*WORK TO COMPLETE*:
Restate word for word the entries below, starting at the line with "This black desk" and ending at the line with "また、出版作品の版権は出版社". Keep both end lines and omit the pictures.

(Records from a collection)
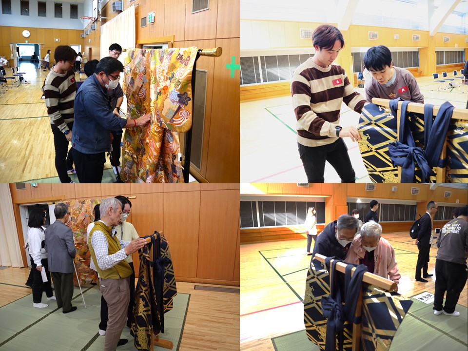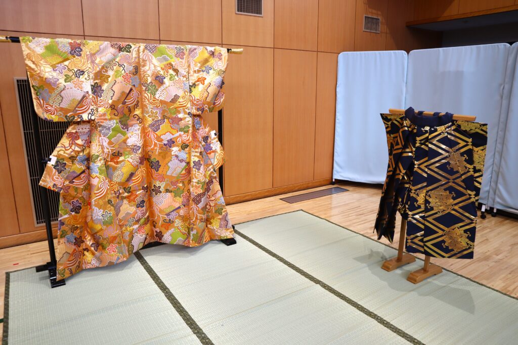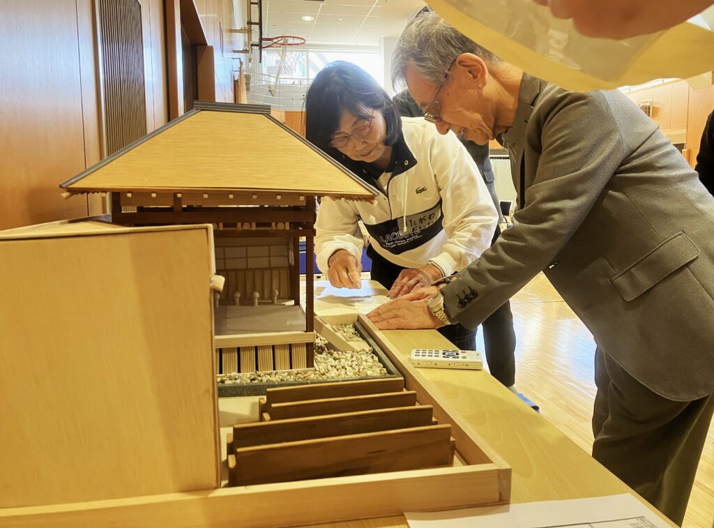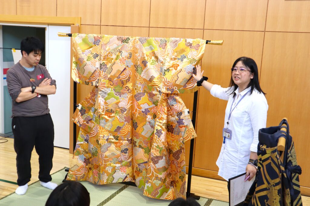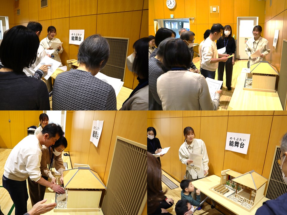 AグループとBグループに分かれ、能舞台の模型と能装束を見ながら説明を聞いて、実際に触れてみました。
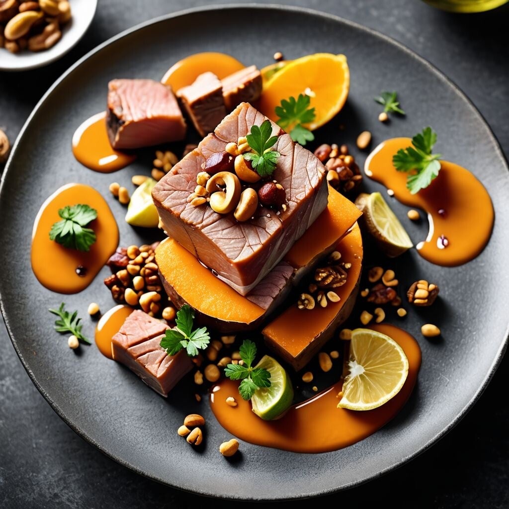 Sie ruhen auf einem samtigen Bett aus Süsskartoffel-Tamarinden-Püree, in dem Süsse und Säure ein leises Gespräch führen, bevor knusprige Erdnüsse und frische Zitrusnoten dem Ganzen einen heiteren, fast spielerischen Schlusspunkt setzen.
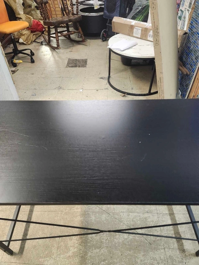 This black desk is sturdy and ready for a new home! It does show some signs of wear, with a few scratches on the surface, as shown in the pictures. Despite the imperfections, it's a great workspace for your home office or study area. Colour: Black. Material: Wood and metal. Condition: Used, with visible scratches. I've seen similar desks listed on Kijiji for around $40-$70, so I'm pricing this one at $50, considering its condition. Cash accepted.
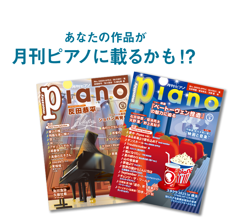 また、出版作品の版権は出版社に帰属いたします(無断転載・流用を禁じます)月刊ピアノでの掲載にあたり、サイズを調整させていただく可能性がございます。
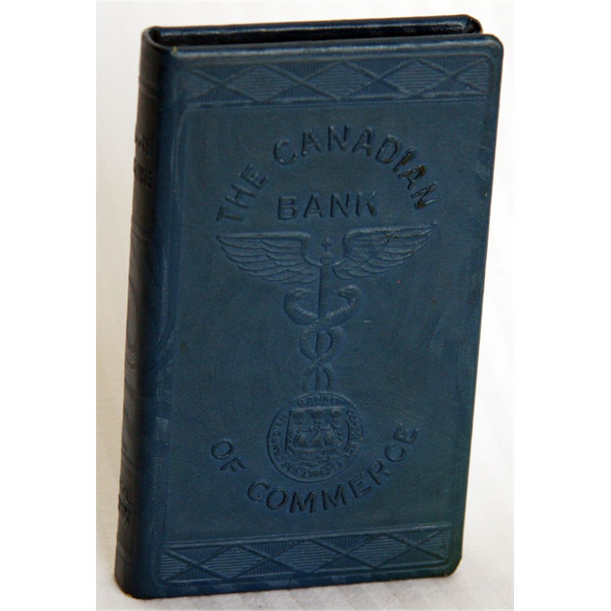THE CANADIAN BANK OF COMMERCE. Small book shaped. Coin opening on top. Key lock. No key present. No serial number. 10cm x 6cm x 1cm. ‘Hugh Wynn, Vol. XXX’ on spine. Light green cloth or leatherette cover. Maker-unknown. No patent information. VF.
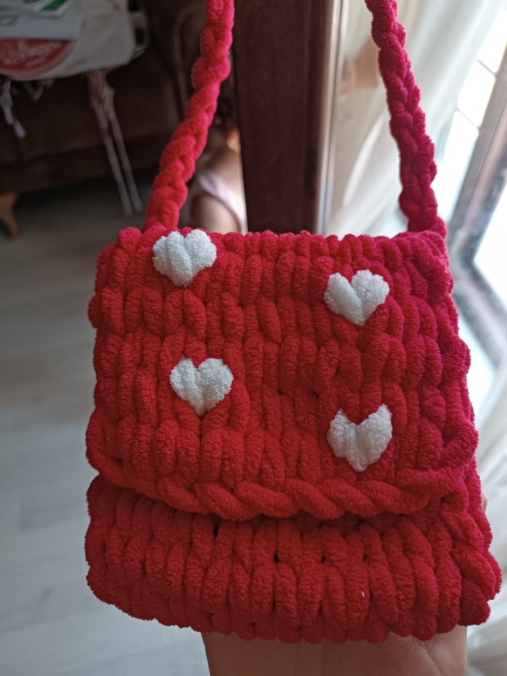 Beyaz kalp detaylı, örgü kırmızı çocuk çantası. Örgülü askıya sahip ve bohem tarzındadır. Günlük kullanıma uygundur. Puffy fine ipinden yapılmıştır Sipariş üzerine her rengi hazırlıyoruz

*WRITTEN ANSWER*:
 This black desk is sturdy and ready for a new home! It does show some signs of wear, with a few scratches on the surface, as shown in the pictures. Despite the imperfections, it's a great workspace for your home office or study area. Colour: Black. Material: Wood and metal. Condition: Used, with visible scratches. I've seen similar desks listed on Kijiji for around $40-$70, so I'm pricing this one at $50, considering its condition. Cash accepted.
 また、出版作品の版権は出版社に帰属いたします(無断転載・流用を禁じます)月刊ピアノでの掲載にあたり、サイズを調整させていただく可能性がございます。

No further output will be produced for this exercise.